1. Introduction
Production lines often encounter downtime, either planned or unplanned. Though planned downtime affects the Overall Equipment Efficiency (OEE), it can be reduced by an optimized usage plan. In contrast, unplanned downtime, as the name suggests, is not planned beforehand and is typically due to the component failure, tool breakage or other technical stoppage. It is difficult to foresee some of these failures and plan the maintenance tasks accordingly. Predictive or condition-based maintenance is a solution that can be employed in manufacturing industries to reduce this unplanned downtime. Predictive maintenance methods, by predicting the condition of a machine or a component, allow dynamic and convenient maintenance scheduling, thus making it an adequate option for modern manufacturing industries [
1]. Predictive maintenance, from the authors’ perspective, is accomplished in three important steps: (1) monitor a machine, (2) predict if something is anomalous and the machine is prone to failure and (3) make sure it is maintained without causing any disturbance to the planned production. In situ deployed sensors take care of the monitoring aspect, whereas fault prediction and maintenance are traditionally manual procedures. This intermediate task of predicting the early faults whilst monitoring the machines has been researched for a long time [
2]. Importantly, there are two types of fault diagnosis methods to monitor machines or machine components, model-based and data-driven. Though very commonly used, the mathematical model of a fault diagnosis system designed using a model-based method cannot take into account all the noises or subtle variations that a system is exposed to [
3]. Hence, depicting an accurate machine model or open-source availability of such models is unfeasible, whereas using an inaccurate model may lead to poor fault diagnostic performance in practice. Unlike the model-based approaches, data-driven methods utilize the collected in-process data.

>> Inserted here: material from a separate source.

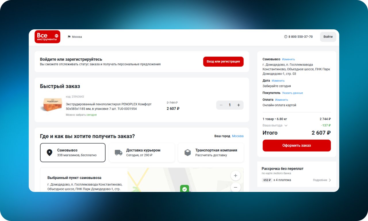 UX-решения в интернет-магазинах DIY напрямую влияют на то, как быстро покупатель ориентируется в ассортименте, понимает условия и решается на покупку. Когда поиск, фильтры, наличие и доставка работают прозрачно, пользователю не приходится сомневаться или делать лишние шаги. В такой логике даже сложный каталог перестает пугать и начинает работать на бизнес — помогая удерживать внимание, ускорять выбор и повышать конверсию.

These data are analyzed, and the acquired knowledge is used to build a fault diagnosis model. This allows a user to apply diagnostics even when there are no available mathematical models of a particular machine. It also includes noise and a certain degree of variations into the diagnostic model. This noise inclusion into the diagnostic model is simple, with data-driven modeling compared to the model-based method [
3], thus making it a more desirable solution for fault diagnosis.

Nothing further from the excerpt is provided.